▸ **YOUR INSTRUCTIONS**
Every line from the top of the records below through the one containing "Well. The plant" must be copied exactly, and the pictures must not be.

▸ **Records from a collection**
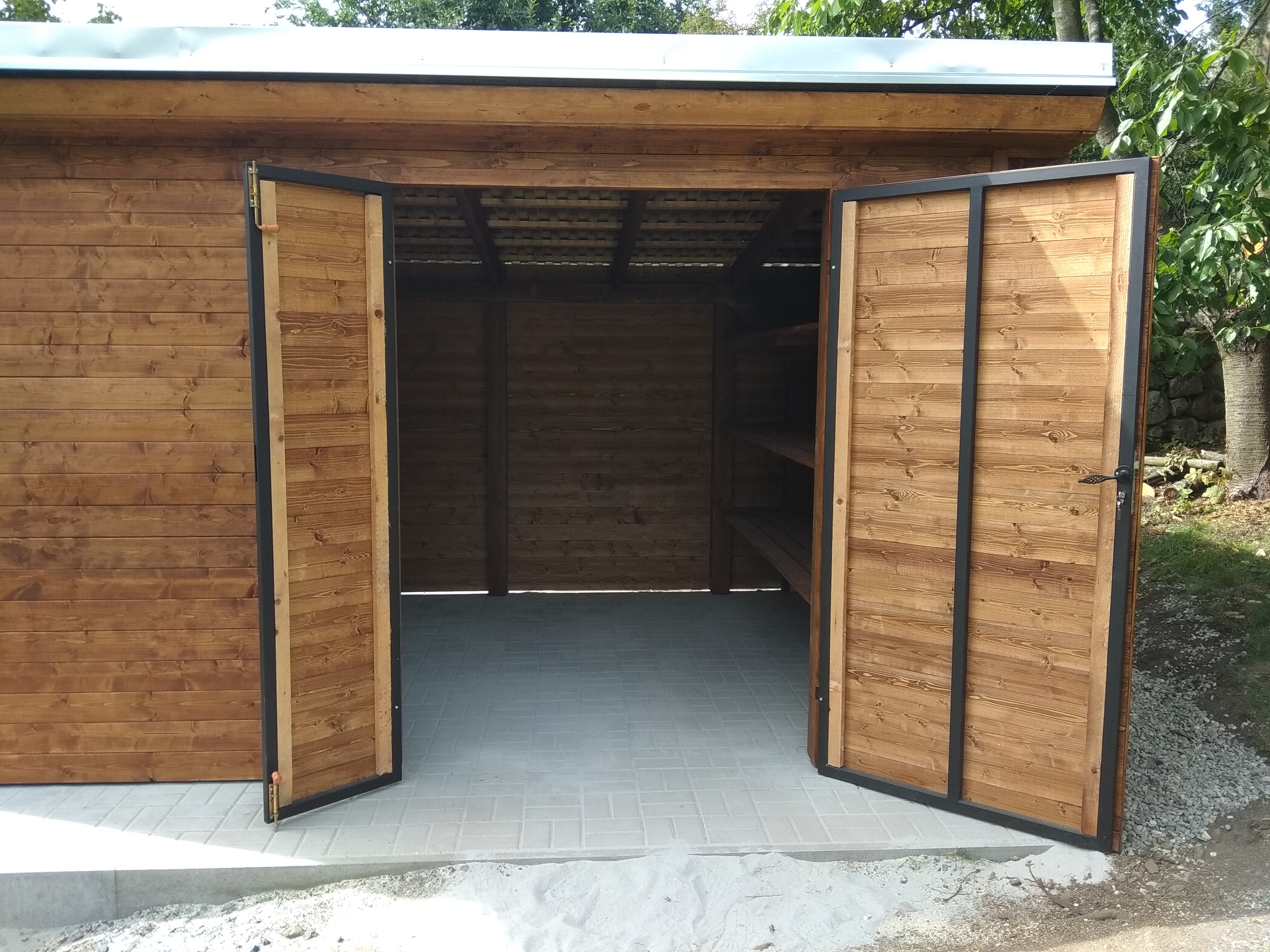 Zahradní domek měl být především funkční pro uskladnění zahradního nábytku a nářadí, ale jedním z hlavních požadavků bylo to, aby dveřmi projel zahradní traktor. Museli jsme tedy udělat dveře s vystuženou konstrukcí aby nedocházelo ke kroucení a svírání dveří.
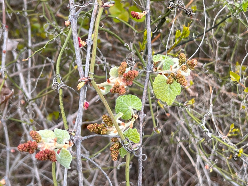 Well. The plant was a yellow passionflower (Passiflora lutea). The caterpillars were Gulf fritillary babies. The butterfly had been laying eggs. Right there, the whole circle of life! Now I know the host flower for these guys.
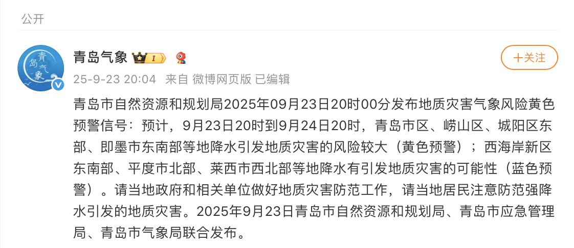 预计,9月23日20时到9月24日20时,青岛市区、崂山区、城阳区东部、即墨市东南部等地降水引发地质灾害的风险较大(黄色预警);西海岸新区东南部、平度市北部、莱西市西北部等地降水有引发地质灾害的可能性(蓝色预警)。请当地政府和相关单位做好地质灾害防范工作,请当地居民注意防范强降水引发的地质灾害。2025年9月23日青岛市自然资源和规划局、青岛市应急管理局、青岛市气象局联合发布。
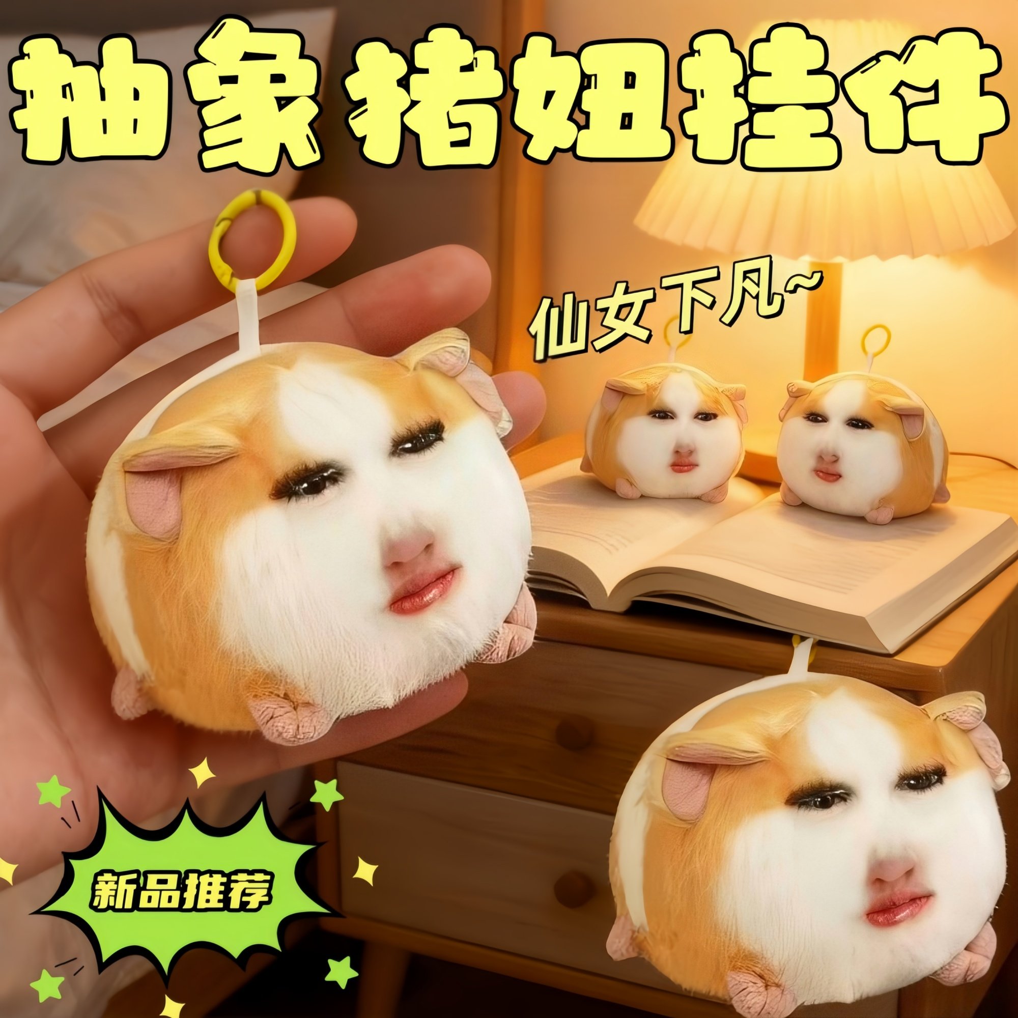猪妞挂件搞笑抽象仙女下凡毛绒玩具荷兰猪玩偶可录音表情包钥匙扣
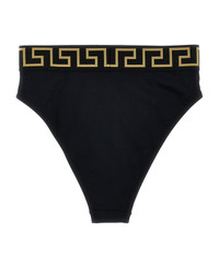 Bikini bottoms in stretch fabric with elastic waistband with 'Greca' pattern, high waist model. Composition: 78% polyamide 22% elastane Made in: Italy Color: Black Size and fit: - true to size fit Model number: ABD010951A11119A1008
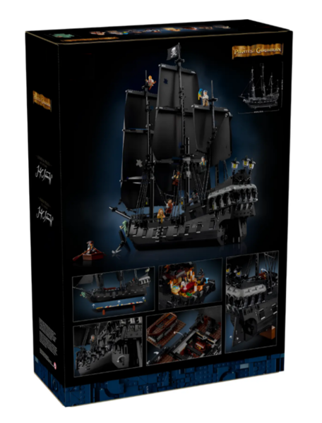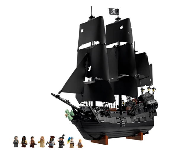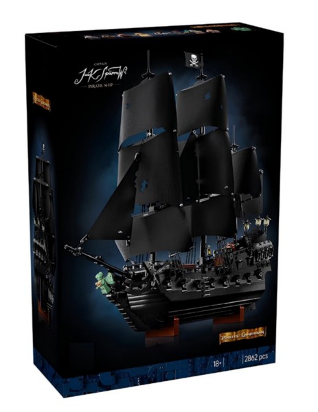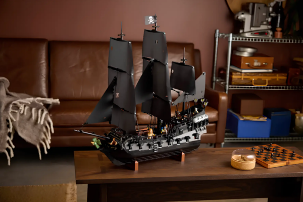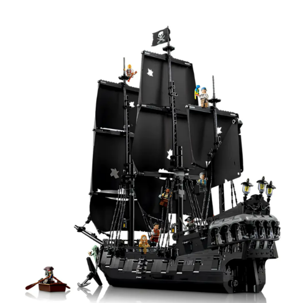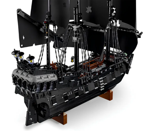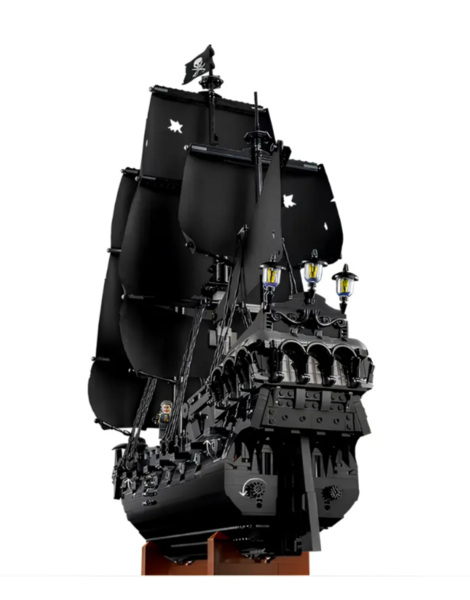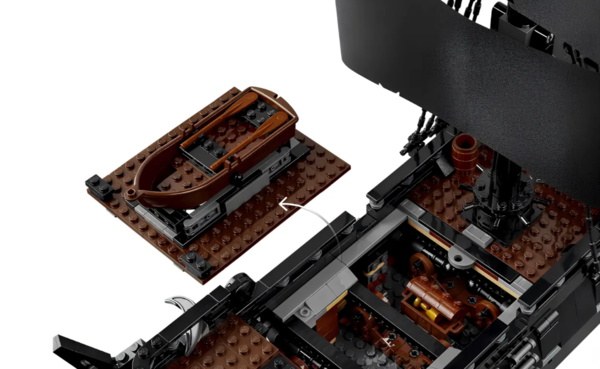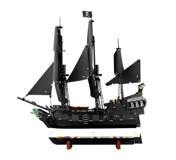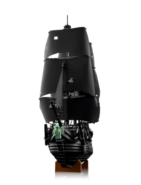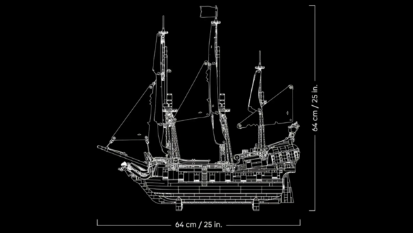На этой модели-реплике из фильма запечатлен корабль во всей его красе. Вращайте циферблаты, чтобы установить пушки левого или правого борта, поворачивайте штурвал, чтобы повернуть руль, и открывайте палубу, чтобы увидеть каюту капитана с мебелью, подсвечниками и яблоком. Дополнительные функции включают в себя съемную гребную лодку, минифигурку на носу и универсальную подставку для демонстрации под углом. Кроме того, корпус можно разделить по ватерлинии, чтобы изобразить корабль в режиме плавания.
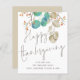 Modern Autumn Foliage Happy Thanksgiving .A budget price SMALLER 4.5” x 5.6” alternative in a SEMI-GLOSS 110 lb CARD STOCK, similar to the thickness of a postcard. Envelopes are slightly larger than the card size. Artsy autumnal leaves in autumnal blues, creams and browns are at the top, with trendy handwriting style set typography for Happy Thanksgiving. Easily personalise your names and greeting at the bottom. A coordinating cream is on the back.
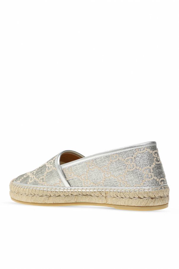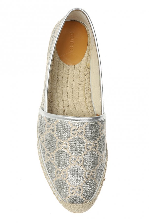 Silver-tone espadrilles from Gucci. Knitted in lurex yarn with label's signature monogram, this pair comes with leather trims and beige rubber sole at the base.
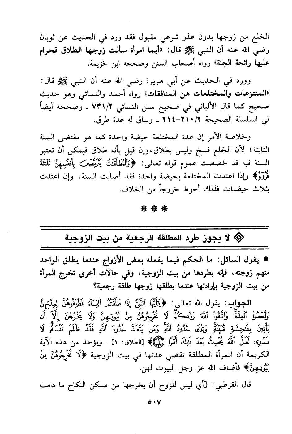 قال القرطبي: [أي ليس للزوج أن يخرجها من مسكن النكاح ما دامت

▸ **SOLUTION BELOW**
 Zahradní domek měl být především funkční pro uskladnění zahradního nábytku a nářadí, ale jedním z hlavních požadavků bylo to, aby dveřmi projel zahradní traktor. Museli jsme tedy udělat dveře s vystuženou konstrukcí aby nedocházelo ke kroucení a svírání dveří.
 Well. The plant was a yellow passionflower (Passiflora lutea). The caterpillars were Gulf fritillary babies. The butterfly had been laying eggs. Right there, the whole circle of life! Now I know the host flower for these guys.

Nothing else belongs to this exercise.